Introduction to Portfolios
Page 1 of 2
Portfolios are very popular these days. Even in a time when calls for higher standards and tougher testing are louder than ever, many schools are doing portfolios – or at least talking about doing them. So what are portfolios? Aren't they for students who want to go to art school? Don't they have something to do with stocks? And besides, if all you need are good grades and test scores to get into college, why even bother?
Well, if you believe that students at all levels should be doing more than studying for tests; if you believe that teachers should be doing more than teaching to tests; if you believe that students should take a more active role in the learning process; and, if you believe in catering to a wider variety of learners while maintaining high standards, then portfolio assessment is an idea worth exploring.

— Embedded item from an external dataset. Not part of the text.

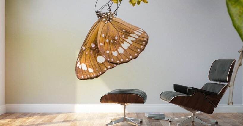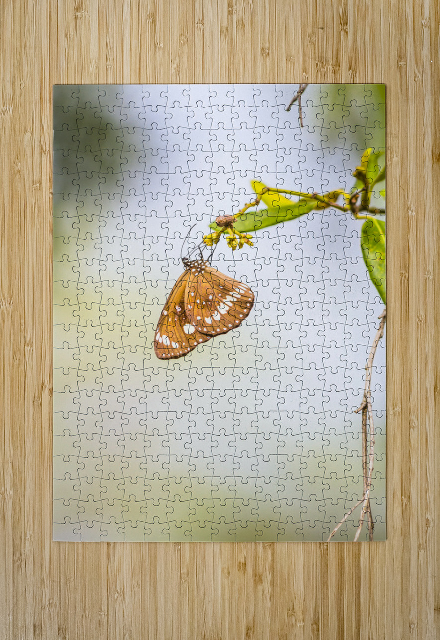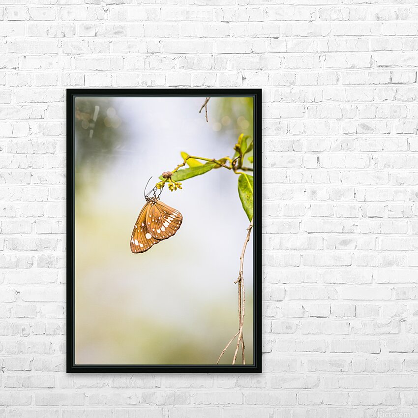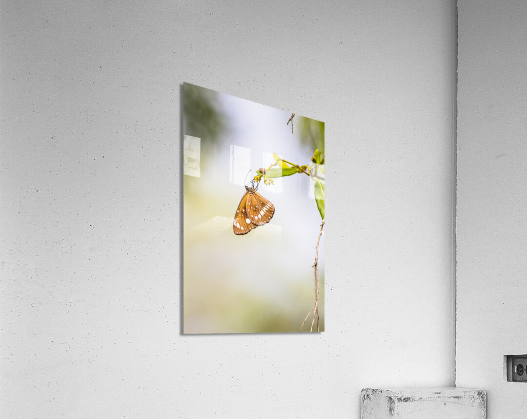 Nature fine art on a common crow butterfly hanging from foliage minimalism. Wild simplicity

Portfolio assessment programs have been implemented on many levels, from the individual classroom to state wide. They represent a profound shift in attitudes about the role of evaluation in education. Teachers who use this strategy in their classrooms have shifted their emphasis away from comparisons of achievement (grades, percentile rankings, test scores) and toward improving student achievement through evaluative feedback and self-reflection.
The challenge is designing a portfolio program that works, one that truly impacts
teaching and learning in such a way that ultimately transforms the static, mechanical,
disengaging moments when learning stops and testing begins into a continuum
of moments combining assessment, instruction, and learning. This is the promise
of an effective portfolio assessment program. No doubt it takes time, but in
almost every case, it is time well spent.